5 Hal Penting bagi Jamaah Haji Perempuan Saat Wukuf di Arafah
25/05/2025 18:58 ADMINOleh: Muhammad Fakhruddin, Jurnalis MUIDigital dari Jeddah, Arab Saudi
JEDDAH, MUI.OR.ID - Wukuf di Arafah adalah momen paling sakral dalam ibadah haji. Di sinilah para jamaah berkumpul, bermunajat, dan memperbanyak doa sebagai puncak dari seluruh rangkaian manasik. Namun bagi jamaah perempuan, ada sejumlah hal khusus yang perlu diperhatikan agar ibadah tetap sah dan terasa nyaman.
Musytasyar dini yang tergabung dalam Petugas Penyelenggara Ibadah Haji (PPIH) Arab Saudi, Nyai Hj Badriyah Fayumi, menyampaikan bahwa haji adalah bentuk jihad bagi perempuan. “Perempuan yang berhaji telah melakukan pengorbanan besar—meninggalkan keluarga, rutinitas harian, dan menempuh perjalanan panjang demi memenuhi panggilan Ilahi,” ujarnya, Sabtu (24/5/2025).
Menjelang wukuf, Nyai Badriyah mengingatkan jamaah perempuan untuk memperhatikan lima hal penting berikut ini:
1. Haid Bukan Halangan untuk Wukuf
Banyak perempuan yang bertanya: apakah haid membuat mereka tak bisa ikut wukuf? Jawabannya, tidak. “Perempuan yang sedang haid tetap bisa melaksanakan wukuf. Yang tidak bisa dilakukan hanya tawaf, itu pun bisa dilakukan setelah suci,” terang Nyai Badriyah.
Kalau haid datang saat baru tiba di Makkah dan waktu sudah mendekati wukuf, jamaah bisa mengubah niat haji dari tamattu’ menjadi qiran. Dengan begitu, mereka tetap bisa ikut wukuf tanpa harus tergesa menyelesaikan umrah lebih dulu. “Niatkan haji qiran, ikuti wukuf, lalu lanjutkan rangkaian ibadah. Umrah bisa dilakukan setelah suci,” tambahnya.
2. Antisipasi dengan Pembalut atau Pampers
Selama wukuf, antrean di toilet biasanya sangat panjang.
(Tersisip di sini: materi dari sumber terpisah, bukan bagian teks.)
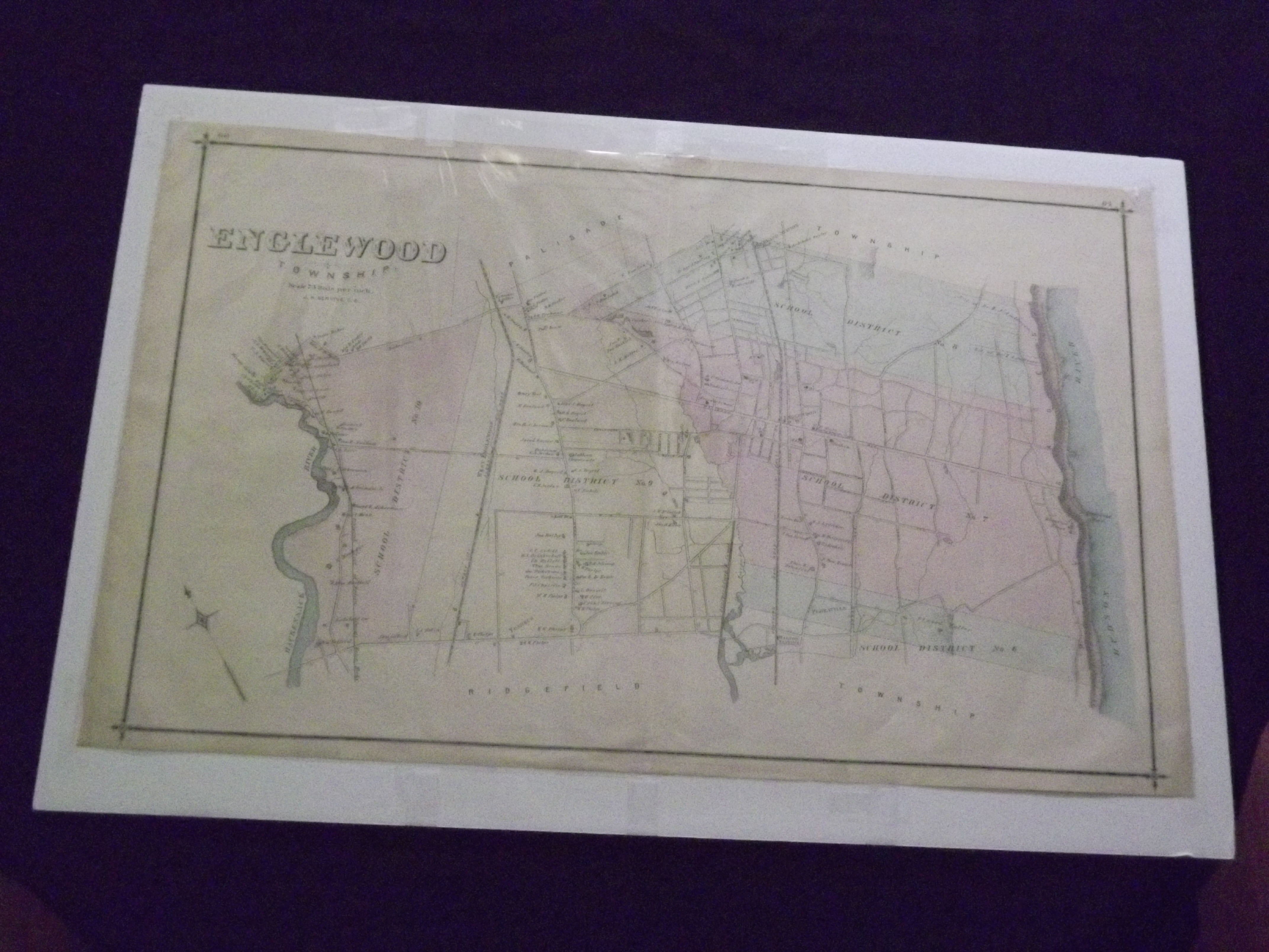 Large (27" x 16 1/2") lightly colored map, map title on map, no date or publication location listed on the map, about half inch margins, center fold. Slight browning and aging, engraved illustrations on reverse; impression is bright and clean. Overall very good plus. This is a rather scarce map from a scarce atlas (Atlas of Bergen County New Jersey 1776-1876). It was published during the American Centennial, and illustrates the different school districts and some estates in Englewood. Map shows the Hackensack and Hudson Rivers bordering the town. Will require extra postage.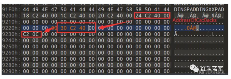 由于本PE文件的ImageBase是0x40000000,这个节区的VA是C000,所以这里的数据都是以04C2开头的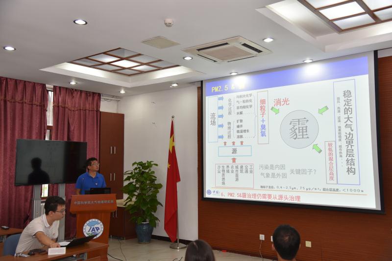 随后,大气物理研究所大气分中心副主任吉东升同志为大家带来了主题微团课,《北京大气重污染成因与改善情况》,吉主任风趣幽默却又不失严谨的演讲,进一步激发广大青年科技工作者的爱国之情,强化爱国之志。

Untuk menghindari hal-hal yang tak diinginkan, Badriyah menyarankan jamaah perempuan mengenakan pembalut atau pampers. “Ini bukan soal kenyamanan semata, tapi juga menjaga kesucian pakaian ihram. Setelah ada kesempatan, barulah bersuci dan mengganti,” jelasnya.
3. Masker dan Aurat Saat Ihram
Secara fikih, perempuan tidak diperkenankan menutup wajah dan telapak tangan saat ihram. Namun dalam kondisi tertentu seperti cuaca ekstrem atau risiko penularan penyakit ISPA, penggunaan masker diperbolehkan. “Kalau demi menjaga kesehatan, itu tidak mengapa. Tapi kalau ingin lebih berhati-hati, bisa membayar fidyah dengan puasa tiga hari atau sedekah kepada enam fakir miskin,” ujarnya.
Adapun membuka jilbab di hadapan sesama perempuan saat ihram tidak termasuk pelanggaran. Namun tetap disarankan menjaga aurat selama ihram sebagai bentuk kehati-hatian dalam beribadah.
4. Hemat Tenaga, Gandakan Ibadah
Menjelang Armuzna, banyak aktivitas fisik menanti. Oleh karena itu, jamaah—khususnya perempuan—dianjurkan menyimpan tenaga. “Kita masih punya waktu dua pekan menuju Armuzna. Gunakan waktu ini untuk ibadah yang ringan tapi berpahala besar, seperti zikir, tadarus, sedekah, doa, sabar, dan pengendalian diri,” pesan Nyai Badriyah.
5. Hindari Perdebatan, Perkuat Keikhlasan
Tak jarang, perbedaan pendapat fikih menjadi bahan perdebatan di kalangan jamaah. Nyai Badriyah mengimbau agar hal ini dihindari. “Pilihlah pendapat yang paling menenangkan hati. Jangan habiskan waktu untuk memperdebatkan hal yang tidak perlu. Fokuslah pada niat dan keikhlasan,” tuturnya.
Di akhir pesannya, Nyai Badriyah mengajak jamaah perempuan untuk menjadikan wukuf sebagai titik balik spiritual. “Ketika kita lelah berjalan menuju Jamarat, niatkan sebagai langkah menuju Allah. Ketika kita melepaskan kenyamanan saat ihram, niatkan sebagai tanda cinta kepada-Nya. Semoga semua pengorbanan ini mengantarkan kita menjadi haji yang mabrur,” pungkasnya.